▶ [Problem to solve]
Return, word for word, only the lines of the data below that lie between the line with "武夷山國家公園最高峰黃崗山云霧繚繞(4月1日攝,無人機照片)。 新華社記者 姜克紅 攝" and the line with "- Przeszycia na", those two lines included.

————————

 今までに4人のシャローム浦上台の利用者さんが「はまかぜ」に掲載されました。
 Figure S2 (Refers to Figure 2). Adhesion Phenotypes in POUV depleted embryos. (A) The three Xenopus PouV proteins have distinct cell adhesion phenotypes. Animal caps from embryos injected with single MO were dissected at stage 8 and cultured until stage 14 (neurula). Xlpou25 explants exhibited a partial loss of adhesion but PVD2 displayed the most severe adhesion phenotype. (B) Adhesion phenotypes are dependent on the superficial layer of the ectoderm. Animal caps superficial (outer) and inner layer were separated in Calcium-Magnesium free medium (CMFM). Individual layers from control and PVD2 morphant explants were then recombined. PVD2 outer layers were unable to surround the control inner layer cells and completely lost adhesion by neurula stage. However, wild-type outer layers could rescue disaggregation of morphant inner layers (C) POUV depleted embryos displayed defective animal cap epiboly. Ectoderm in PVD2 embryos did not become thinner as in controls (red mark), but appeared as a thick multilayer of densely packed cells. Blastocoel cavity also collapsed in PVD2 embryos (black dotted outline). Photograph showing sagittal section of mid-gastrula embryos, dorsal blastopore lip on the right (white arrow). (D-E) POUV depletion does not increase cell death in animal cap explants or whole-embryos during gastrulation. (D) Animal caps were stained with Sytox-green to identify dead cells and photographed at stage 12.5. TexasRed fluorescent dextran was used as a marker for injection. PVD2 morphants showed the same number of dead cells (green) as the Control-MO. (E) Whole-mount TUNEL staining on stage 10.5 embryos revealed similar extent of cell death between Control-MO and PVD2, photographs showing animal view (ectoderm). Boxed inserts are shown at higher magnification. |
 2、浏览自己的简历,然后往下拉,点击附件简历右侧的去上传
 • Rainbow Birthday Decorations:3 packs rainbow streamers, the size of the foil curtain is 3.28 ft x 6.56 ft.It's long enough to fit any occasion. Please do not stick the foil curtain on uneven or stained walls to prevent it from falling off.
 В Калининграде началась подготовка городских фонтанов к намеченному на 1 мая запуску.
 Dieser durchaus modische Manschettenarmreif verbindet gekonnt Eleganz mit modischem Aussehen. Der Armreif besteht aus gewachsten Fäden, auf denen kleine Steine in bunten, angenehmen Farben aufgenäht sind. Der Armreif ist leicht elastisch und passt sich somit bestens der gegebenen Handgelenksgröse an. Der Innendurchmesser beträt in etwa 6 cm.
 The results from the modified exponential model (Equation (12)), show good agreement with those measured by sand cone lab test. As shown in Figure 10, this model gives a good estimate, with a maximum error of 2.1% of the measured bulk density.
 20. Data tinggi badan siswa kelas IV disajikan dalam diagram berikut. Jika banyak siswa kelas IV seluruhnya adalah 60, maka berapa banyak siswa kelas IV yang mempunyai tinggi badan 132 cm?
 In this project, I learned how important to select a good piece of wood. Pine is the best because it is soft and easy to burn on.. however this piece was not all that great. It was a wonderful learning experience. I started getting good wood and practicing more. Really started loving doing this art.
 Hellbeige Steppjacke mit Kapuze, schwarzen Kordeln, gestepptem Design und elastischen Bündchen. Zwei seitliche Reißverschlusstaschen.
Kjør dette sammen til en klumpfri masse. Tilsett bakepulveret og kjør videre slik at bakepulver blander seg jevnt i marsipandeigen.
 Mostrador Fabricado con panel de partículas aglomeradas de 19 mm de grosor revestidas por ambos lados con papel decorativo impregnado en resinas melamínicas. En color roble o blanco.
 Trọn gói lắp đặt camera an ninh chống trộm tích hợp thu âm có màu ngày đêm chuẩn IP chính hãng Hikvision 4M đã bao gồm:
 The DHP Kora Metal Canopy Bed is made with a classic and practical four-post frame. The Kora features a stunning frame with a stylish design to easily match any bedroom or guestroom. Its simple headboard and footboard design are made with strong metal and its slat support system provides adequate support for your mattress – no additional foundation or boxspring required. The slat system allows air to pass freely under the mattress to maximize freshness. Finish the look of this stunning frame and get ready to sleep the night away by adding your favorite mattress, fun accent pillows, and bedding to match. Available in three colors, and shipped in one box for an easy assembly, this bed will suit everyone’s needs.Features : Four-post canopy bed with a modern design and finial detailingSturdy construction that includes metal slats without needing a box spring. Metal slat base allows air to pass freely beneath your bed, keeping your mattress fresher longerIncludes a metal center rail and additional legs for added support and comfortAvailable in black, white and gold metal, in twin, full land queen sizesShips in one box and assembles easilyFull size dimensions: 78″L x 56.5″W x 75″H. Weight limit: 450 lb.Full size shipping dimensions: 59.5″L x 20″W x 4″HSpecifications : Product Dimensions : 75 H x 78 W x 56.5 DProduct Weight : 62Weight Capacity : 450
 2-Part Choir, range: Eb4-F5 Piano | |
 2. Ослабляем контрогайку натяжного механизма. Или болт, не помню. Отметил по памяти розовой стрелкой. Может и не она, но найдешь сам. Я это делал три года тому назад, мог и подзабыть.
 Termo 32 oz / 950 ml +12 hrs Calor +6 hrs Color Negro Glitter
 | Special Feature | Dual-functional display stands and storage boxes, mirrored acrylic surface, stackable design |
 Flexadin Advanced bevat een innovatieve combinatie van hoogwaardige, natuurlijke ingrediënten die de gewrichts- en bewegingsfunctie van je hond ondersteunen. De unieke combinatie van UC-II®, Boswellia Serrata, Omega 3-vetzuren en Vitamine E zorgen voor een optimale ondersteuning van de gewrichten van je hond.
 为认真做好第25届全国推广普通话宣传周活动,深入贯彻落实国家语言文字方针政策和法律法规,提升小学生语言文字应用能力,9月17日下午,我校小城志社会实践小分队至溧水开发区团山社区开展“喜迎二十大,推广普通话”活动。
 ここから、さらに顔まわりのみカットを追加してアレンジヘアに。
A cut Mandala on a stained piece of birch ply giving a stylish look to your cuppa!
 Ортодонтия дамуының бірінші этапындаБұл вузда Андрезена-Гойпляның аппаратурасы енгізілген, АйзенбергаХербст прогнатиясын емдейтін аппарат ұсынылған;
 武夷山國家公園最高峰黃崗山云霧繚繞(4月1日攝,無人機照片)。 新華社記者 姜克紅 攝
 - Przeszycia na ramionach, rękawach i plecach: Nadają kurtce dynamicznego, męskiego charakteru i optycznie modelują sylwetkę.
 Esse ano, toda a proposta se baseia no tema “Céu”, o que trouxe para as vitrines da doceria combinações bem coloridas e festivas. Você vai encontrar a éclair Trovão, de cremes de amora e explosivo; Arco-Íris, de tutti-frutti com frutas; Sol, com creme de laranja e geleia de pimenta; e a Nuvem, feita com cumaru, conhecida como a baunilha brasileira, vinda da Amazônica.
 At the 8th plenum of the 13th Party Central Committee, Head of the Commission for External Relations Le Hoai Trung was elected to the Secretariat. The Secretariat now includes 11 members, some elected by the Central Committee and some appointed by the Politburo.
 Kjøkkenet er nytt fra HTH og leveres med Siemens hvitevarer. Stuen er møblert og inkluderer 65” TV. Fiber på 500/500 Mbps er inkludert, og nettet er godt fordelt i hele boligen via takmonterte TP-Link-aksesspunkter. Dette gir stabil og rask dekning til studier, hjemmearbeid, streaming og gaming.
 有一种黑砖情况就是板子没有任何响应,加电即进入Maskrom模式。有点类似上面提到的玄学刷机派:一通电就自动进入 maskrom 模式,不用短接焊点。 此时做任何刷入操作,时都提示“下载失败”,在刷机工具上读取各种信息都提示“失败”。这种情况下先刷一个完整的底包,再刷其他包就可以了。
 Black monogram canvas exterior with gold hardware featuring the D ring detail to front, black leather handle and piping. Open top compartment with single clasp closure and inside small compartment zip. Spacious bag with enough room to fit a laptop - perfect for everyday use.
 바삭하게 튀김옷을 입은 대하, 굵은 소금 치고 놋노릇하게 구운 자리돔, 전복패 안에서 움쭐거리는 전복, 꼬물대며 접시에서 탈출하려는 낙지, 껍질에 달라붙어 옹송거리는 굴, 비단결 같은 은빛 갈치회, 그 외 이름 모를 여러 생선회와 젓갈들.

————————

▶ [Finished task]
 武夷山國家公園最高峰黃崗山云霧繚繞(4月1日攝,無人機照片)。 新華社記者 姜克紅 攝
 - Przeszycia na ramionach, rękawach i plecach: Nadają kurtce dynamicznego, męskiego charakteru i optycznie modelują sylwetkę.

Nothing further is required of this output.